DPE et diagnostics en 2026 à Limoges : calendrier et points à anticiper

Publié le 13 septembre 2026 5 min de lecture

À Limoges, les 57 500 logements diagnostiqués dans la base ADEME permettent de situer les enjeux du calendrier énergétique. En 2026, les propriétaires doivent distinguer les restrictions déjà applicables, les échéances à venir et les règles propres à la vente.

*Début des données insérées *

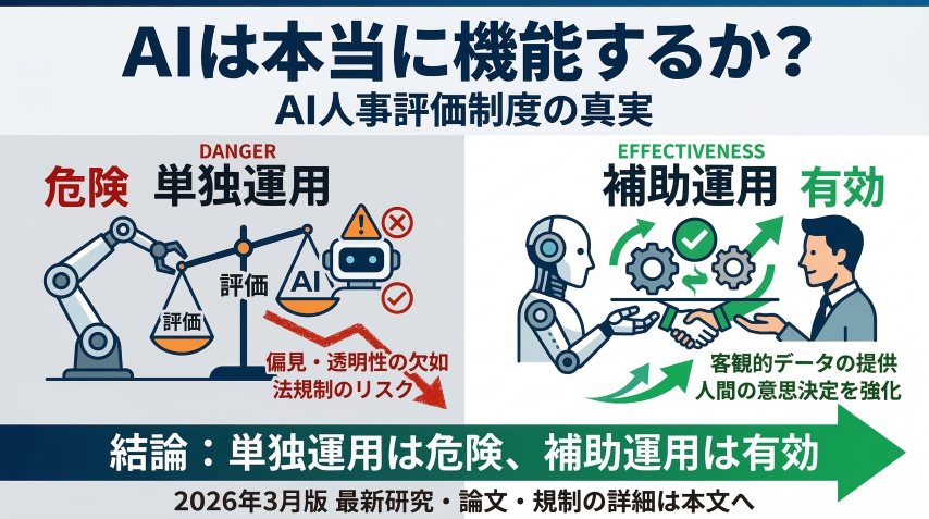 本当にAIが作った人事評価制度は機能するか? 2026年3月版 最新研究・論文・規制から見る「単独運用は危険、補助運用は有効」という結論

DPE et diagnostics en 2026 à Limoges : calendrier et points à anticiper — Limoges

En 2026, lire les obligations énergétiques à Limoges suppose de séparer plusieurs sujets : la possibilité de conclure un nouveau bail, l’évolution du loyer, la préparation d’une vente et la validité du DPE. Ces règles ne répondent pas toutes au même objectif et ne concernent pas nécessairement les mêmes biens. Les données fournies recensent 57 500 logements diagnostiqués dans la base ADEME. Elles donnent une photographie des classes énergétiques, mais ne précisent pas combien de ces logements sont effectivement loués ou proposés à la vente. Les effectifs présentés dans ce dossier décrivent donc les logements diagnostiqués de chaque classe, et non un décompte des locations actuellement interdites.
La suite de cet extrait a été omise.